Member of the California State Assembly from the 13th district
- In office January 3, 1881 – January 8, 1883
- Preceded by: Multi-member district
- Succeeded by: Multi-member district

Personal details
- Born: August 1845 New York City, U.S.
- Died: January 7, 1915 (aged 69) San Francisco, California, U.S.
- Party: Workingmen's (1877–1881) Democratic (1881–1901) Union Labor (1901–1908)
- Spouse: May
- Children: 8
- Occupation: Drayman, dockworker, politician

Military service
- Allegiance: United States
- Branch/service: United States Army
- Years of service: c. 1861–1865
- Battles/wars: Civil War

= Horace J. Jackson =

American politician (1845–1915)

Horace J. Jackson (August 1845 - January 7, 1915) was an American drayman, dockworker and politician who served in the California State Assembly from 1881 to 1883. A founding member of the Workingmen's Party of California, he was elected in 1880 on a Workingmen's-Democratic Fusion ticket. He was later active in Democratic and Union Labor Party politics.

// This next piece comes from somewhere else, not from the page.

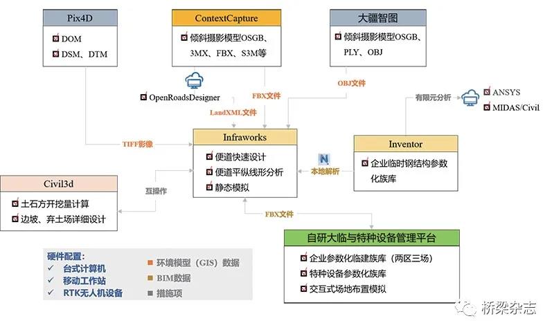BIM+无人机场地布置技术框架 基于BIM+无人机的三维场地布置方法是数据驱动的数字化解决方案。GIS数据、BIM数据是整个解决方案的基础。围绕数据基础,可以利用特定的软硬件搭建技术框架,其软件功能主要包括GIS数据生产、BIM数据生产、数值分析、场景模拟等。 总体技术框架 无人机数据生产 GIS数据是上述技术框架的数据底板,是数据基础的关键组成。这主要是因为,一方面,GIS数据可以对施工现场环境进行三维重建;另一方面,GIS数据集成了整个应用体系所需要的地理参考。采用无人机采集施工现场GIS数据用于三维重建是一种经济、高效的方法,特别是近年来,倾斜摄影测量技术的发展,为施工现场三维重建提供了新思路。目前围绕三维场地布置模拟,主要有两种类型的数据生产工作:一种是带实景纹理的数字地形模型,另一种是倾斜摄影模型。这两种三维重建方式,都能较好地还原施工现场,用户需根据实际情况选择不同的方案,前者多用于计算分析,后者多用于可视化展示。 数字地形模型生产 带实景纹理的数字地形模型,可以采用正直摄影测量的方式进行外业采集,该方式在保证效果的前提下,能极大降低外业数据采集的工作量以及内业数据处理计算资源消耗。 带实景纹理的数字地形模型效果图 带实景纹理的数字地形模型本质是由DEM(Digital Elevation Model,数字高程模型)/DTM(Digital Terrain Model,数字地面模型)与DOM(Digital Orthophoto Map,数字正射影像)合成。 免相控正直摄影数据处理流程 其中,DEM/DTM用于构建几何模型,DOM用于纹理贴图。采用Pix4D软件进行正直摄影航测数据内业生产,能得到较好效果的DOM和DSM,但由DSM到DTM/DEM还需要进行点云分类,用于过滤地物,以得到准确的地形数据。值得一提的是,通过软件自动进行的点云分类结果并不总是准确的,往往需要通过大量的人工编辑进行错分类纠正。 点云分类纠正结果 倾斜摄影模型生产 倾斜摄影模型能较好地还原真实世界,常被用于机械设备操作模拟、大型设备运输关键路径检查等,对现实环境还原度要求高的场景。此外,也可被用于搭建场地布置模拟的环境模型。 倾斜摄影模型效果 采用大疆智图或ContextCapture进行免相控倾斜摄影模型数据生产时,其主要工作路径如下图所示。 免相控倾斜摄影模型数据生产流程 BIM模型生产 临时设施模型是三维场地布置策划中的重要数据组成部分,其主要包括:两区三厂模型、施工便道模型、临时钢结构模型等。为保证三维场地布置策划高效进行,在临时设施模型生产过程中宜充分借助参数化建模技术进行模型生产。BIM单位可以在施工单位临时设施标准的基础上,对标准化程度较高的设施建立参数化库,用于临时设施快速建模。这种参数化库可以完全依赖于已有商业软件实现,也可以依赖于商业软件进行二次开发,还可以通过已有开源技术单独开发。尽管实现临建设施参数化建模的手段是多样的,但都是为了达到快速建模、快速修改的目标。 自研大临与特种设备管理平台是一个交互式场地布置模拟工具,其在企业标准的基础上建立了两区三厂、特种设备等模型的参数化库。通过该平台,能进行两区三厂快速布置以及交互式模拟;大临设施中的便道模型可以使用Autodesk Infraworks快速建模,软件可以进行平纵曲线快速设计以及土方量快速计算;在已有企业临时钢栈桥标准的基础上,对Autodesk Inventor进行二次开发,实现临时钢栈桥的参数化建模。 基于BIM的临建设施快速建模 定量分析 在场地布置方案实施前,定量分析能为实施方案提供部分评价依据.本文所描述的技术框架体系可以提供场地整平土方量计算、临建工程量计算、便道土方量计算、便道平纵线形参数等定量分析指标。其中,Autodesk Civil3D可用于对整平后的场地进行土方计算、基坑开挖土方量计算、弃土场放量计算等;Autodesk Infraworks可用于对施工便道的平纵线形、土方开挖量等进行快速计算和调整;Autodesk Inventor可以将钢栈桥等临时钢结构模型传递至有限元分析软件进行分析;自研大临与特种设备管理平台可以快速统计两区三厂工程量。 可视化模拟 可视化模拟是三维应用的一个重要方向。在基于无人机+BIM的临建场地布置策划中,通过可视化模拟能全方位地对整个策划方案进行展示,便于评价方案的布局是否合理、是否美观。本文所描述的框架中,有两种可视化模拟方案:其一是基于Autodesk Infraworks的静态三维可视化模拟方案,主要展示手段是三维漫游、场景快照;其二是基于自研大临与特种设备管理平台的交互式模拟方案。其中,前者能满足方案汇报、方案比选的要求;后者除满足前述要求外,还兼具部分碰撞模拟的功能,在交互式模拟的过程中可以发现临时设施与特种设备之间的动态碰撞。此外,相较于静态展示,交互式漫游能给用户带来更好的体验感。 基于Autodesk Infraworks的静态可视化模拟 交互式可视化模拟 在本文所提及的技术框架体系下,基于Autodesk Infraworks可视化模拟的优势在于数据集成方便、渲染效果较好,但其缺点是对施工现场还原效果不够,这主要是由于Autodesk Infraworks中的环境模型是DEM与DOM的合成效果,其关注点是地形而非地物,而三维场地布置模拟希望尽可能还原施工现场的环境,利用倾斜摄影模型能达成该目标,但是无法进行便道土方、便道线形等定量参数计算,而且编辑较为麻烦,不利于伴随式设计的快

Jackson served in the Union Army under General George McClellan during the Civil War. He was a member of the Riggers' and Stevedores' Union and spoke in favor of the Union Labor Party shortly after its foundation. As the San Francisco Examiner wrote:

Horace Jackson of the Longshoremen's Union said the laboring man was always looking for someone in the so-called educated classes to be his master. There is no need, he said, to do so. The wageworker is intelligent enough to manage his own affairs, political or otherwise.